The risk score used by Lång et al "could be used in regularly screened populations to study the transition rates and the time intervals from one assigned risk level to another and to define time intervals between screening episodes according to the rate (speed) of transition," they added. "In other words, in personalized screening regimens, fast-growing and slow-growing lesions could be identified and separated from one another. When collected for an appropriate period of follow-up, cases of interval cancer, stratified by AI risk, could confirm and further increase the accuracy of the score."
That said, Segnan and Ponti also noted that the possibility of overdiagnosis or over detection of indolent lesions, "such as a relevant portion of ductal carcinomas in situ," should prompt caution in interpreting these findings.

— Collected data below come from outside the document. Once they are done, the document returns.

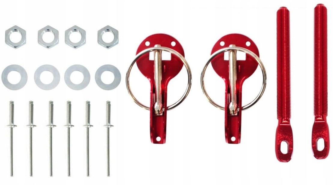 Uniwersalne zapinki do wykonane z aluminium. Mogą być zastosowane do maski, klapy, zderzaka, itp.
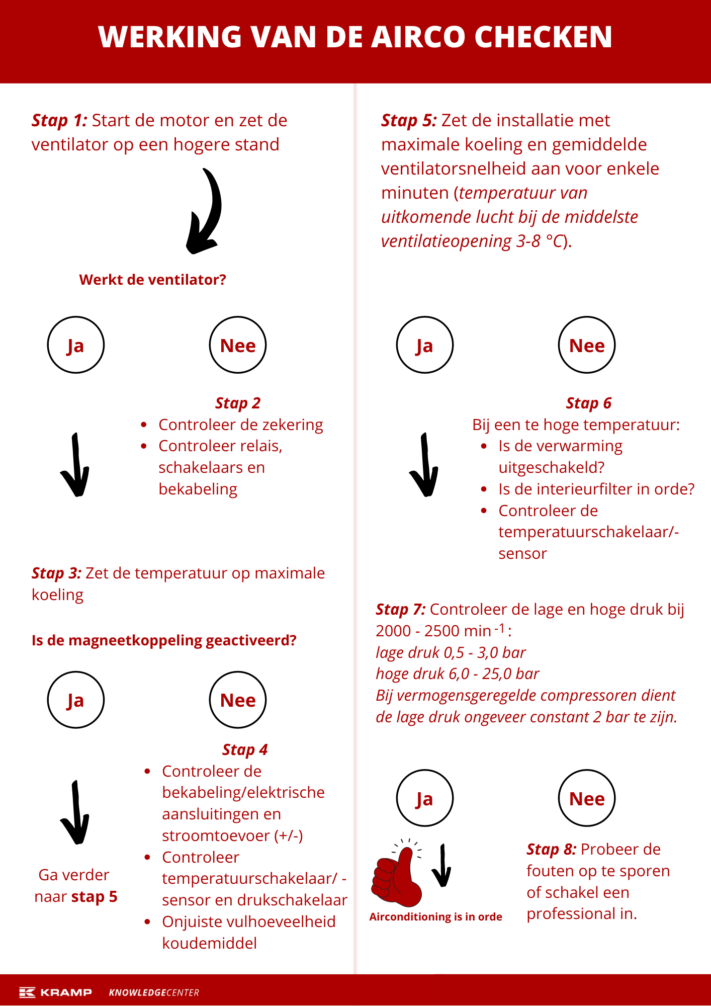 Tijdens een check worden de onderdelen gecontroleerd, het functie- en prestatievermogen getest en eventueel vervanging van het interieurfilter en desinfectie van de verdamper. Dit is te vergelijken met een ‘kleine beurt’.
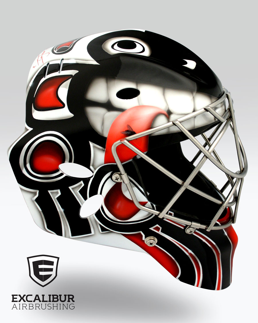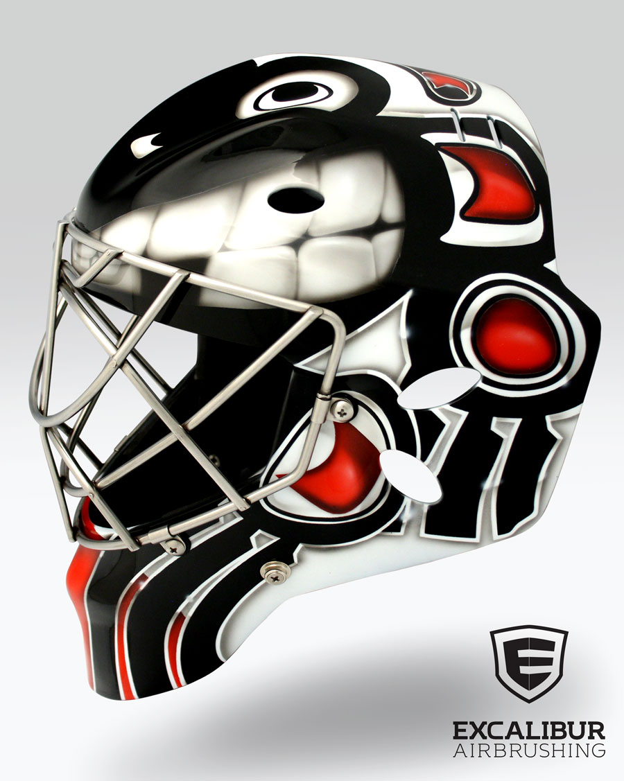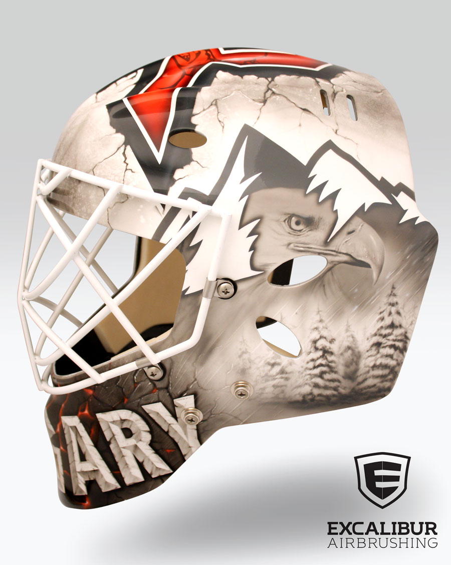 - "Jet Attack" Goalie mask designed and airbrushed by Ian Johnson #ianjohnsonart #excaliburairbrushing #goaliemasks #customairbrushing #airbrushartist #goaliemaskpainting #maskpainting #helmetpainting #customhelmets #customairbrushedgoaliemask
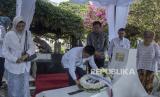 Keluarga Dokter Hasan Sadikin menyiram air di makam keluarga Dokter Hasan Sadikin di Kompleks Makam Bupati Bandung, Astanaanyar, Kota Bandung, Jawa Barat, Kamis (2/11/2023). Upacara tabur bunga tersebut sebagai bentuk penghormatan terhadap jasa dan sumbangsih yang telah diberikan oleh Dokter Hasan Sadikin dalam membangun bidang kesehatan di Indonesia. Selain itu, tabur bunga tersebut digelar dalam rangka memperingati Hari Kesehatan Nasional 2023. (FOTO : ABDAN SYAKURA/REPUBLIKA)
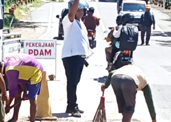 PAMEKASAN, MADURANET – Lubang parah di Jalan Raya Larangan Tokol, dekat gerbang selamat datang Kabupaten Pamekasan, mulai diperbaiki setelah diketahui dipicu kebocoran pipa air milik Perusahaan Daerah Air Minum (PDAM) ...

"In the trial, compared with standard of care, AI identified a disproportionately, although not significantly, higher percentage of in situ carcinoma among screen-detected cancers: 25% of all cancers in the intervention group versus 19% in the control group," they explained. "There has been decades of debate on whether detection of in situ carcinomas, especially those classified as low grade, is beneficial or harmful in breast cancer screening. Reasons for this debate include that in situ carcinoma has shown a notable increase in incidence over time, a greater geographical variation in incidence compared with invasive cancer, and a substantial variation in treatment approaches, which often inappropriately includes mastectomy or the removal of axillary lymph nodes."
They concluded that a significant research question yet remains: "[I]s AI, when appropriately trained, able to capture relevant biological features—or, in other words, the natural history of the disease—such as the capacity of tumors to grow and disseminate?"
Study limitations cited by Lång et al included that screen readings were performed at a single site and only relied on a single mammography device and one AI system; the participating radiologists were all moderately to highly experienced in breast imaging, which could limit generalizability; only readers with over 2 years of experience were allowed to conduct single reading in the intervention group, which could have biased reader performance in the control group; and determining a true false positive rate required further follow-up in case of later interval cancer diagnosis.
Disclosures
The MASAI trial is funded by the Swedish Cancer Society, the Confederation of Regional Cancer Centers, and Swedish governmental funding.
Lång reported serving on an advisory board for Siemens Healthineers and receiving lecture honorarium from AstraZeneca; coauthor Hofvind is head of BreastScreen Norway at the Cancer Registry of Norway, which has a research agreement with Screenpoint Medical.
Segnan and Ponti had no relevant relationships to disclose.
Sources
Lång K, et al "Artificial intelligence-supported screen reading versus standard double reading in the Mammography Screening with Artificial Intelligence trial (MASAI): A clinical safety analysis of a randomised, controlled, non-inferiority, single- blinded, screening accuracy study" Lancet Oncol 2023; 24: 936–944.
Segnan N, Ponti A "Artificial intelligence for breast cancer screening: Breathtaking results and a word of caution" Lancet Oncol 2023; 24: 830-832.